● **Aim of the task**
Set every entry down again exactly, excluding any pictures.

Collected data
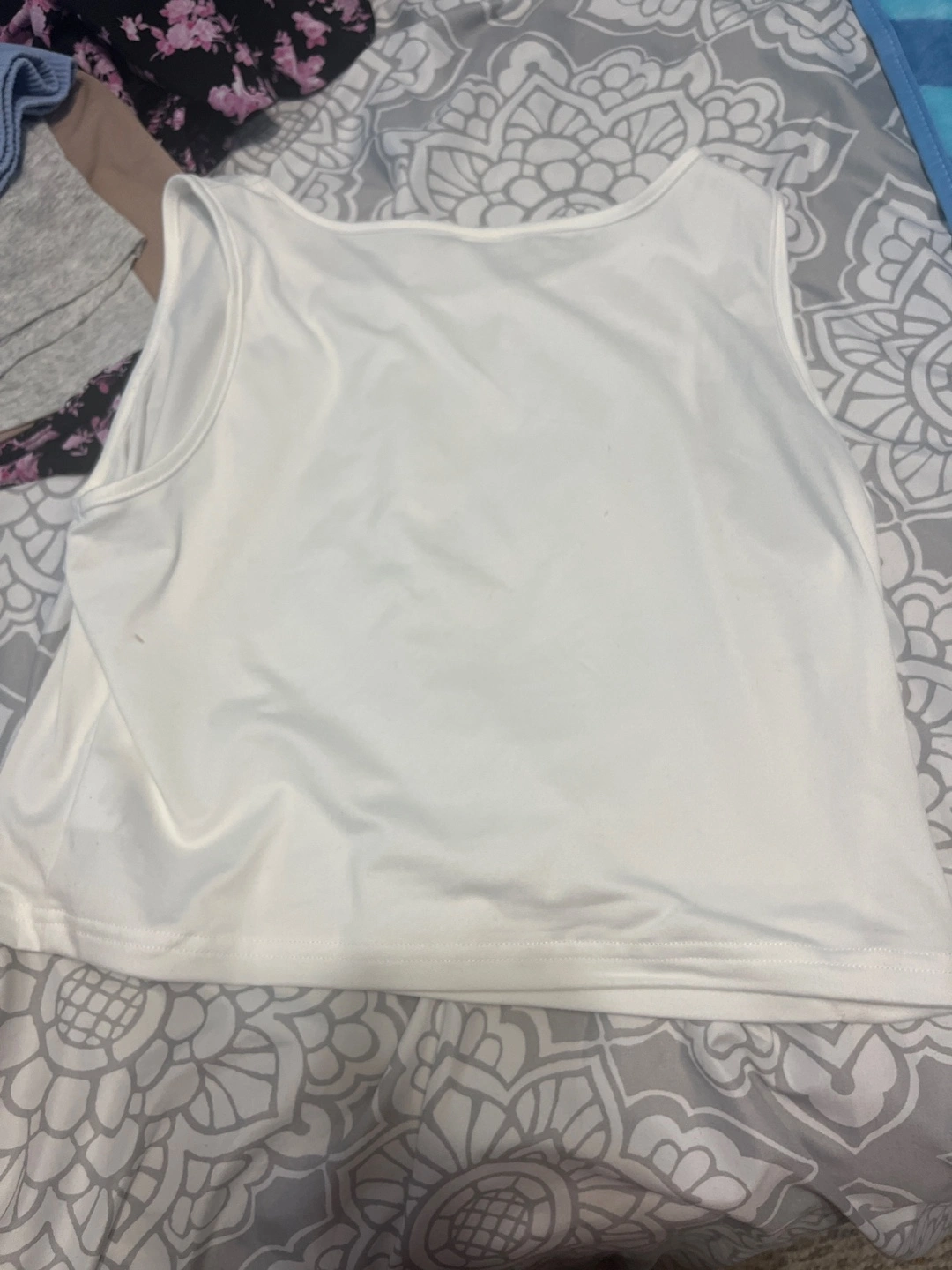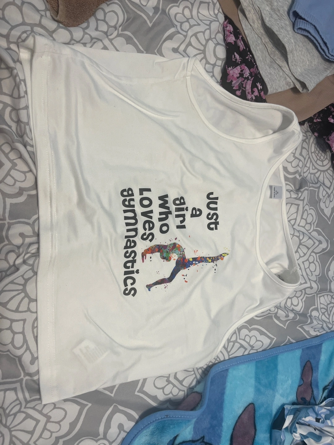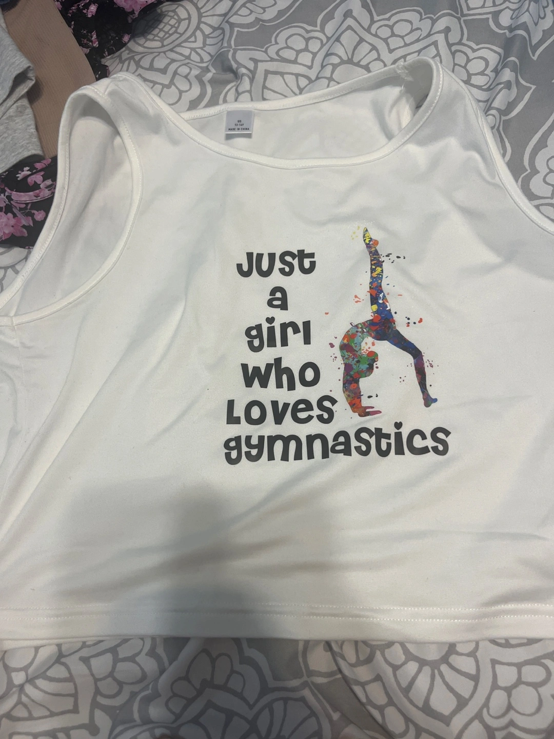 A cute white tank top for a girl who loves gymnastics! The shirt has a fun design with a gymnast. Size is US 13-14Y.
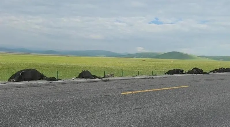 陆媒极目新闻报,甘肃甘南州尕海镇近日有网友发布视频表示,“撞了这么多头牦牛,得赔多少钱哦,大货车车头都变形了……”视频中,有多头牦牛躺在路边,远处停著一辆大货车。
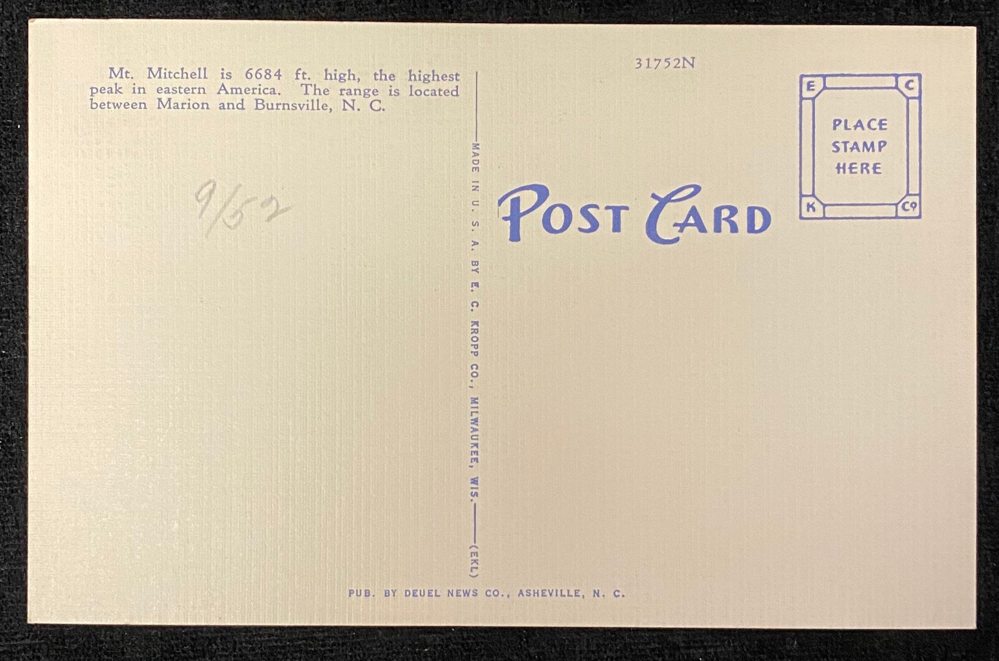 Back: "Mt. Mitchell is 6684 ft. high, the highest peak in eastern America. The range is located between Marion and Burnsville, N.C."
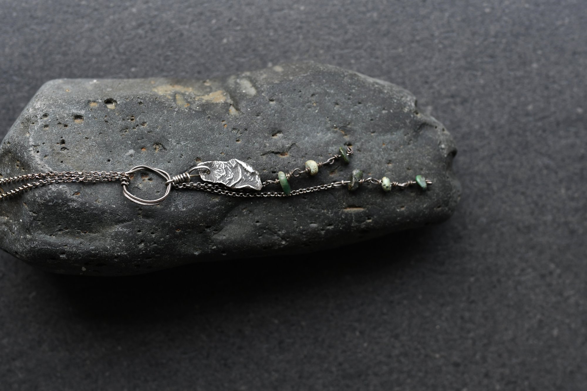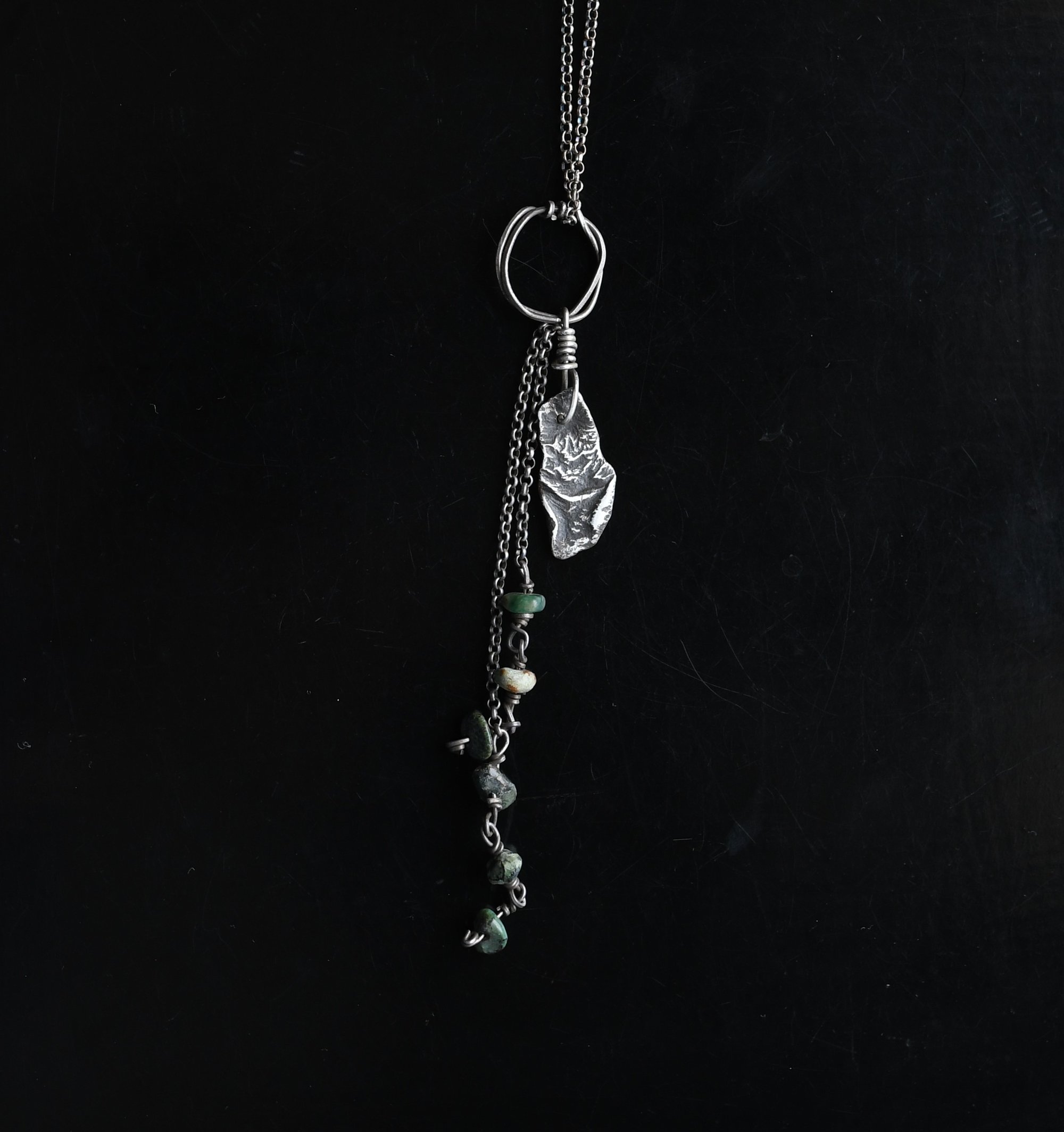 Measuring 13cm long x 2cm wide and comes with silver chain.
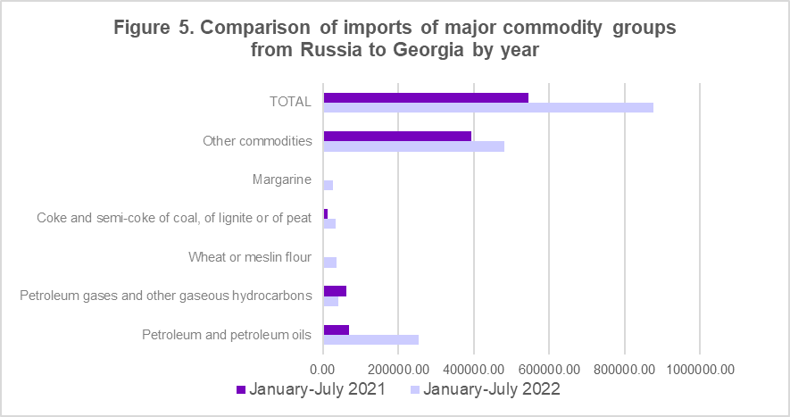 During the first seven months of 2022, exports of Georgian products to Russia increased by 5% and amounted to USD 339 million, while the imports soared b

● **Solution to this task**
 A cute white tank top for a girl who loves gymnastics! The shirt has a fun design with a gymnast. Size is US 13-14Y.
 陆媒极目新闻报,甘肃甘南州尕海镇近日有网友发布视频表示,“撞了这么多头牦牛,得赔多少钱哦,大货车车头都变形了……”视频中,有多头牦牛躺在路边,远处停著一辆大货车。
 Back: "Mt. Mitchell is 6684 ft. high, the highest peak in eastern America. The range is located between Marion and Burnsville, N.C."
 Measuring 13cm long x 2cm wide and comes with silver chain.
 During the first seven months of 2022, exports of Georgian products to Russia increased by 5% and amounted to USD 339 million, while the imports soared b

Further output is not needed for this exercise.